Collected material:

——————————

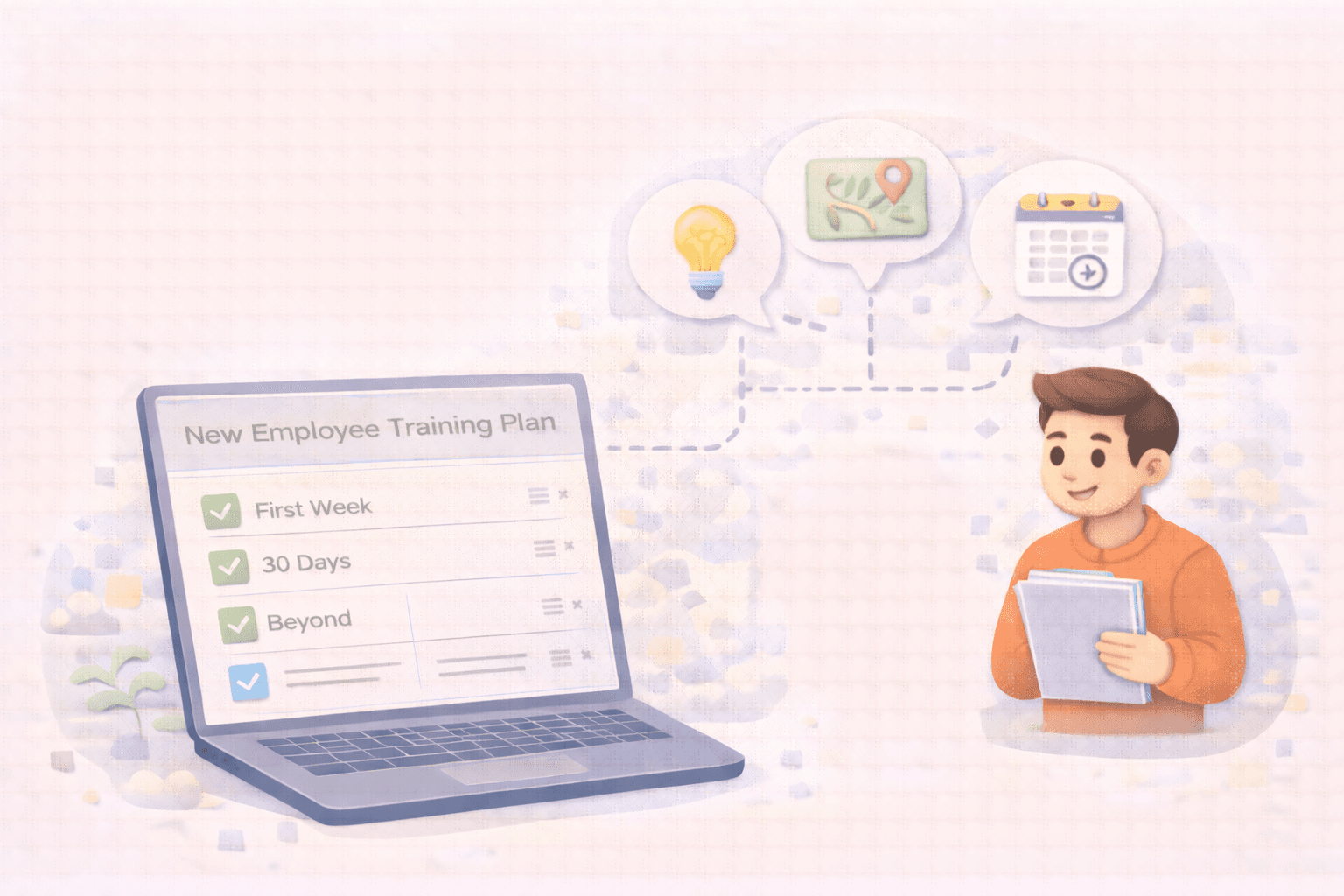 A training plan for a new employee is a structured roadmap that outlines what a new hire needs to learn, by when, and how. It covers the skills, tools, key processes, and relationships they need to start contributing confidently.
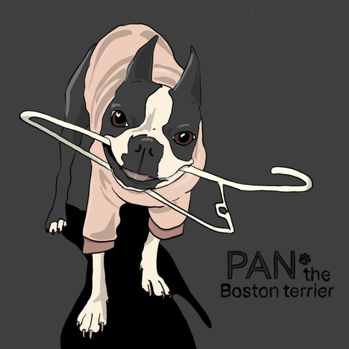 ハンガー泥棒! 悪い顔してるパンちゃん。 #Bostonterrier #ボストンテリア #ボステリ #イラスト #犬 #art #いぬのいる暮らし
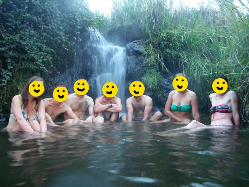 Nakonec jsme tento fyzicky náročný den, kdy jsme do zpět do kempu dorazili promočení, zakončili uplně nejlíp jak to šlo. Kousek za městem Taupo je horký termální potok. Jen jsme se tam rozvallili pod vodopád do přírodně vytvořeného poolu a popíjeli pivo. V té horké vodě se nedalo vydržet dlouho, ale dalo se zchladit v řece do které se ten potok vléval. Prostě ideální relax.

——————————

Prompt: The required answer is the material repeated exactly, with no images in it.

Written answer:
 A training plan for a new employee is a structured roadmap that outlines what a new hire needs to learn, by when, and how. It covers the skills, tools, key processes, and relationships they need to start contributing confidently.
 ハンガー泥棒! 悪い顔してるパンちゃん。 #Bostonterrier #ボストンテリア #ボステリ #イラスト #犬 #art #いぬのいる暮らし
 Nakonec jsme tento fyzicky náročný den, kdy jsme do zpět do kempu dorazili promočení, zakončili uplně nejlíp jak to šlo. Kousek za městem Taupo je horký termální potok. Jen jsme se tam rozvallili pod vodopád do přírodně vytvořeného poolu a popíjeli pivo. V té horké vodě se nedalo vydržet dlouho, ale dalo se zchladit v řece do které se ten potok vléval. Prostě ideální relax.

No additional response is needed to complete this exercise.